Results of the present study with three strains of mice receiving acrylic acid dermally at levels of 4, 1 and 0% for 13 weeks caused comparable skin irritation to ICR, C3H and B6C3F1 mice at the 4% dose level. Minimal skin reactions were observed in all strains at the 1% dose level. Gross lesions other than skin reactions were incidental to treatment. Microscopic findings characterized as proliferative, degenerative or inflammatory changes were seen predominantly at the 4% level in all strains, occasionally at the 1% level and only rarely in controls. Body weights of all strains at all dose levels were similar.

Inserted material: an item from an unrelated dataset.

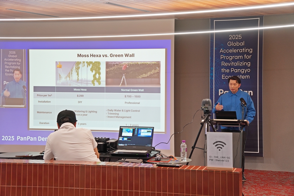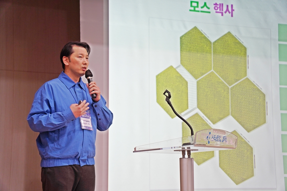 이원석 ㈜타이가글로벌 대표가 이끼 기반의 실내 생활 방식 혁신 기구를 발표하고 있다.

Current guidelines for dose selection in chronic dermal studies retrospectively were applied to this study to ascertain MTD. Using proposed MTD criteria established in the EPA Workshops on dermal carcinogenesis bioassays, microscopic and gross changes to the skin in subchronic studies can easily be used to classify skin response as exceeding the MTD, reaching the MTD, or tolerating the treatment dose. However, one must be aware of certain hazards to interpretation. The present work shows that microscopic examination alone at the end of 13 wk of treatment could adequately categorize tolerated doses from those exceeding the MTD. Similarily, gross examination of the skin throughout the whole course of exposure could be used to identify concentrations in excess of a tolerated dose. However, gross examination alone, performed only at final autopsy, would miss early skin lesions that would trigger 'exceeding MTD' classification. There appears to be a 'hardening' or accommodation of the skin to irritants such as acrylic acid with repeated insult, reflected by the apparent refractoriness to irritation that developed after 8 wk in this study. Data collected during visual examination prior to wk 8 indicate that the MTD had been reached or exceeded. Data collected by gross examination after 8 wk of exposure suggest that the 4% acrylic acid would be tolerated in a long-term exposure. However, microscopic examination after 13 wk showed that 4% acrylic acid clearly exceeds MTD. Thus, microscopic findings provided a more sensitive index for exceeding MTD than gross observations taken only at autopsy, but generally correlated well for MTD if gross observations were taken at regular intervals during treatment. Gross examination at study termination alone would be insufficient to predict doses for use in a chronic dermal study. Acrylic acid at 1% in acetone was fairly well tolerated by all mice in all strains, although signs suggest that the MTD was approached. Thus, 1% acrylic acid in acetone, one-quarter of that concentration in clear excess of MTD, would be the appropriate dose concentration for lifetime skin studies, based on MTD criteria.